= Robert W. Rosenthal =

American economist (1945–2002)

Robert Wernick Rosenthal (1945 – February 27, 2002) was an American economist, most known for his contributions to game theory.

He obtained a B.A. in political economy from Johns Hopkins University (1966), M.S. (1968) and Ph.D. (1971) in operations research from Stanford University, advised by Robert B. Wilson. He worked as assistant professor in the department of Industrial Engineering and management science at Northwestern University (1970–1976), was member of the technical staff at Bell Labs (1976–1983), was professor of economics at Virginia Polytechnic Institute and State University (1983–84), State University of New York at Stony Brook (1984–1987) and Boston University where he worked (1987–2002) until his death from a heart attack. He also had appointments with Massachusetts Institute of Technology (2000), Harvard University (1993), and the Catholic University of Louvain (1973). He held a Fulbright chair in economics at the University of Siena (2001).

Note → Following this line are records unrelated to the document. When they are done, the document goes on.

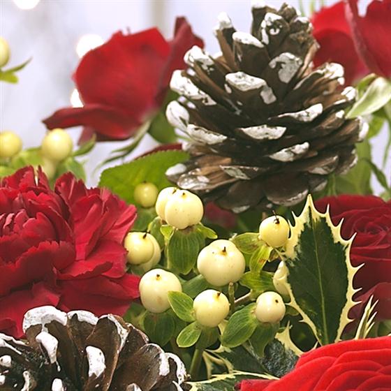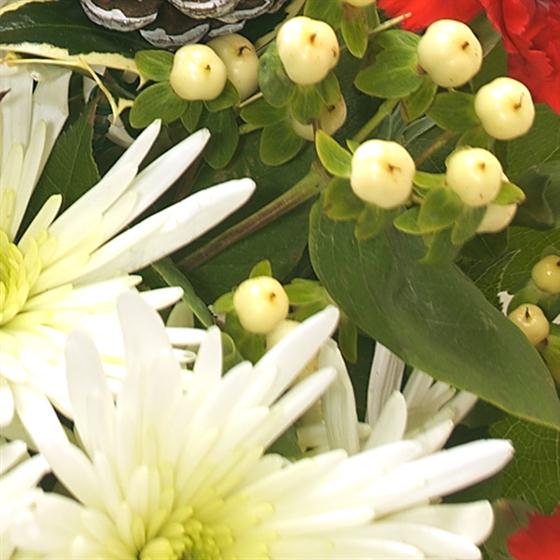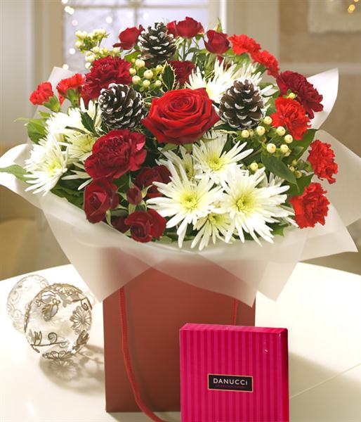 An ideal Christmas flower gift - rich red Roses married with deep red velvety Carnations sit perfectly alongside the creamy white flourishes of spray Chrysanthemums. White frosted Pine Cones and a delicious box of 9 Danucci Milk Chocolates completes the gift.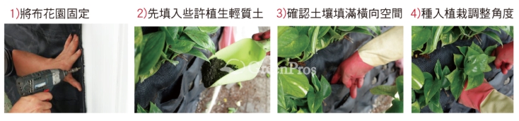 • 布花園植生牆系統整體功能為考量植栽生長環境,採橫向連通式 填土口袋,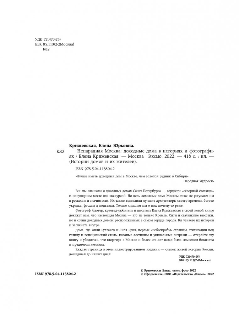 Фотограф, блогер, краевед-любитель и писатель Елена Крижевская в своей новой книге докажет вам, что настоящая Москва — это не только Кремль, Сити и сталинские высотки, но и сотни доходных домов, расположенных в самом сердце города. Вы узнаете их истории и заглянете внутрь.
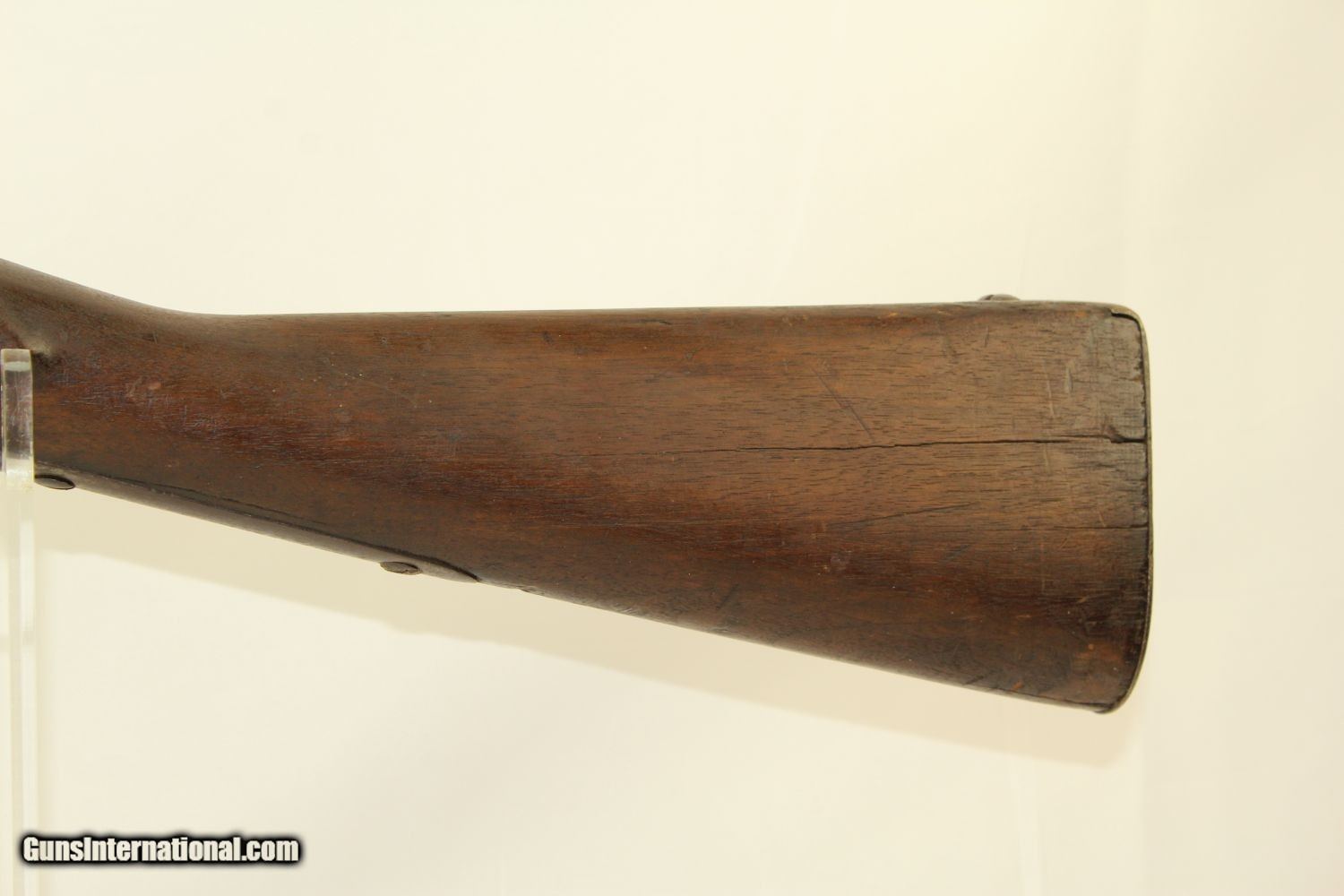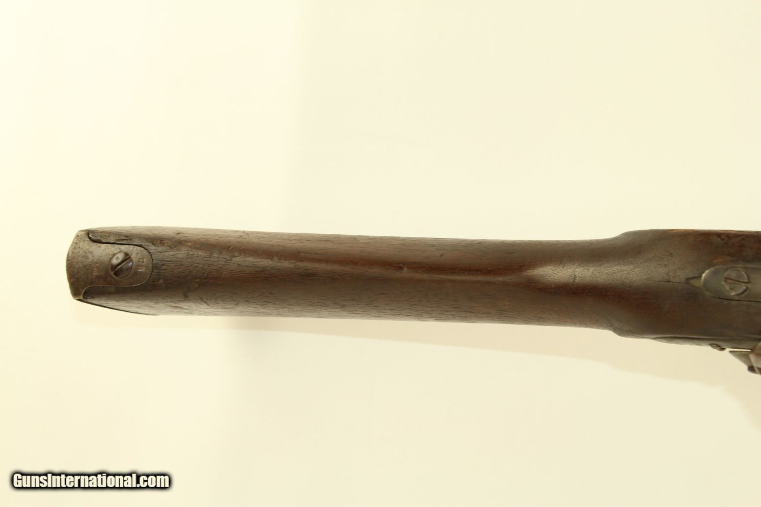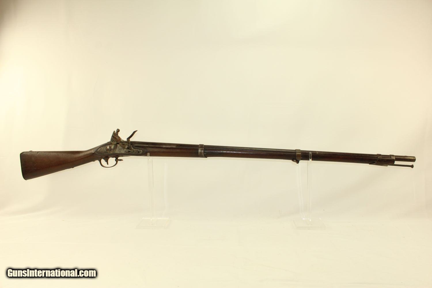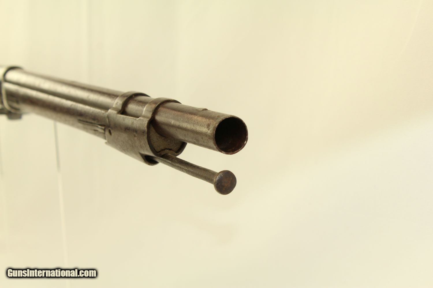 Description: Antique HARPERS FERRY Armory 1816 FLINTLOCK Musket Dated “1825”! Here we present an antique Harpers Ferry US Model 1816 Flintlock Musket, manufactured at the armory at Harpers Ferry, Virginia circa 1825. This musket was at one time updated to the percussion firing system before being converted back to flintlock. The War of 1812 revealed many weaknesses in American muskets. In an attempt to improve both the design and manufacture of the musket, the Model 1812 musket was created. The Model 1816 made further improvements, and replaced the Model 1812. Harpers Ferry became America’s second national armory after the site was personally selected by George Washington, with the Springfield Armory being the first. The U.S. Congress authorized the building of the new foundry in 1794, and by the following year, was producing hundreds of arms for the national army, which was primarily flintlock muskets and pistols. Inspired largely by the French Charleville Model 1777 musket, Harpers Ferry began producing the Model 1816. The M1816 was a smoothbore, muzzle loading weapon which used a .69 caliber musket ball. A trained shooter could fire between two and three rounds at a range of up to 200 yards per minute. The M1816 was in production at Springfield (325,000) and Harpers Ferry (350,000) between 1816 to 1844 with around 675,000 muskets produced during this run. It saw service during the Mexican-American War and was even pressed into service during the Civil War in both the updated percussion and the old flintlock format. In the 1850’s, many 1816’s went through the conversion from flintlock to percussion. Here we have a true survivor still in its original flintlock state! The tail of the lock is marked “HARPERS/FERRY/1825”. The overall condition is good. The bore is smooth and quite dusty. The action remains strong. Own the original! This is a legitimate antique and not a reproduction. Barrel is 42 inches. Caliber: .69 Overall condition as seen in photos. Very Fast. Very Safe. FREE SHIPPING WORLDWIDE. Delivered directly to your door by express mail! Guaranteed AUTHENTIC & Includes CERTIFICATE OF AUTHENTICITY. ancestryguns $2100 #190309 SOLD Antique: Yes |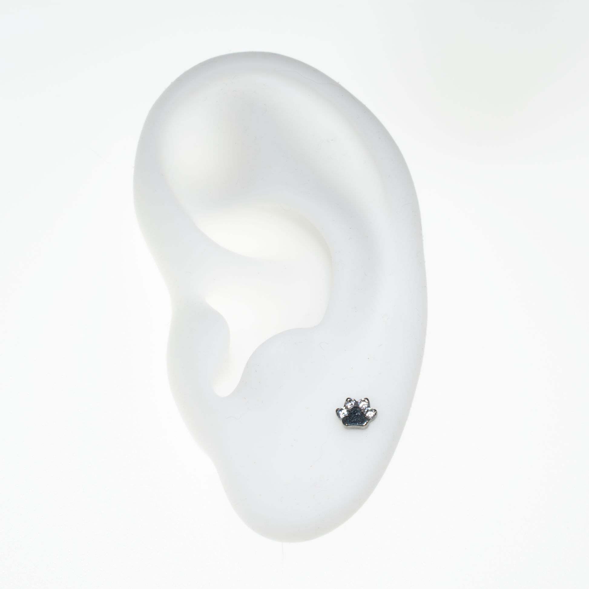 Titanium Internally Threaded with CZ 4-Cluster Paw Top. Made out of High Polish Implant Grade Titanium. Perfect for most ear piercings such as lobes, helix, and tragus.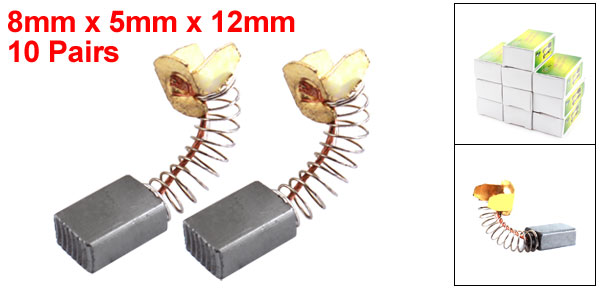Details10 Pairs Generic Electric Motor Replacing Carbon Brushes 8mm x 5mm x 12mm  Product Name Motor Carbon Brush Fitness Universal Electric Motor Carbon Brush Size (Approx) 8 x 5 x 12mm(L* W*H) Total Length(Approx) 30mm/ 1.2" Weight 77g Package Content 10pairs x Motor Carbon Brushes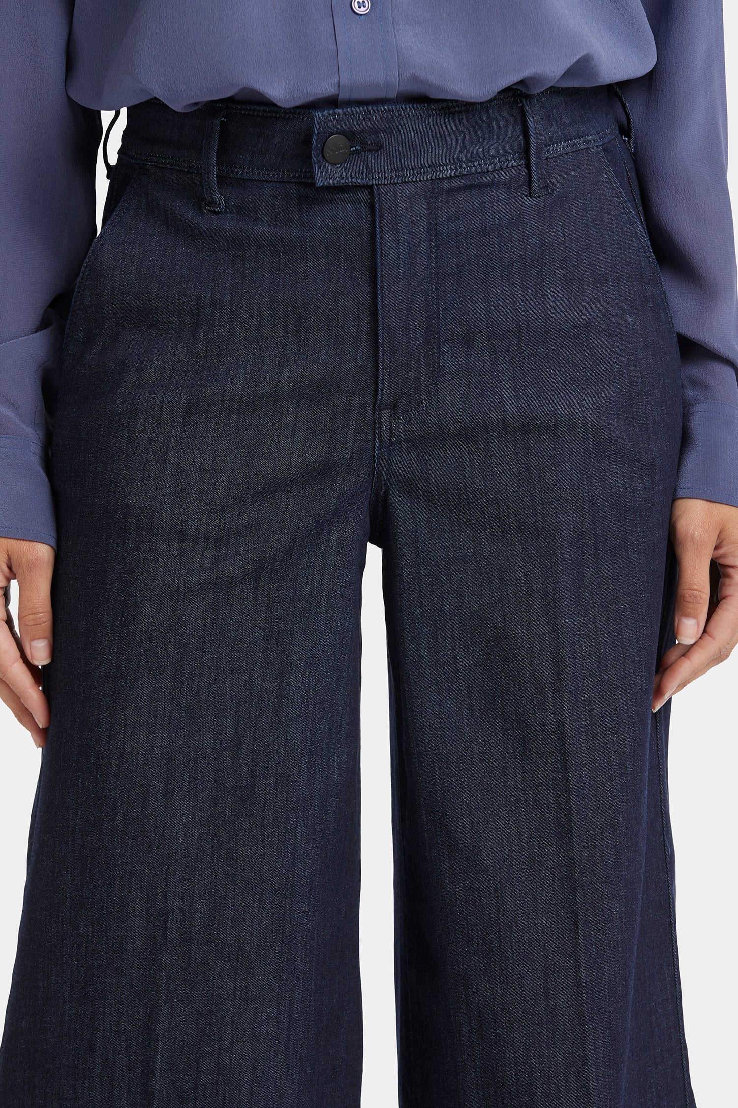 With their dramatic wide legs and flattering high rise, the Mona Wide Leg Trouser Ankle Jeans with High Rise by NYDJ are everything you need in a casual pant. Finished with front slash pockets, back welt pockets, belt loops and a zip fly with button-tab waist. Soft lightweight denim provides a comfortable, breezy feel. Lightweight Rinse is a rich, deep indigo wash. This jean is made with earth-friendly methods that result in reduced consumption of water, chemicals and/or energy.

He authored many journal articles, and defined the revelation principle and random matching, as applied in works with Henry Landau. Also, he was associate editor of Games and Economic Behavior (1988–2002), Journal of Economic Theory (1999–2002), Mathematics of Operations Research (1981–1988) and Operations Research: A Journal of the Institute for Operations Research and the Management Sciences (1978–1982).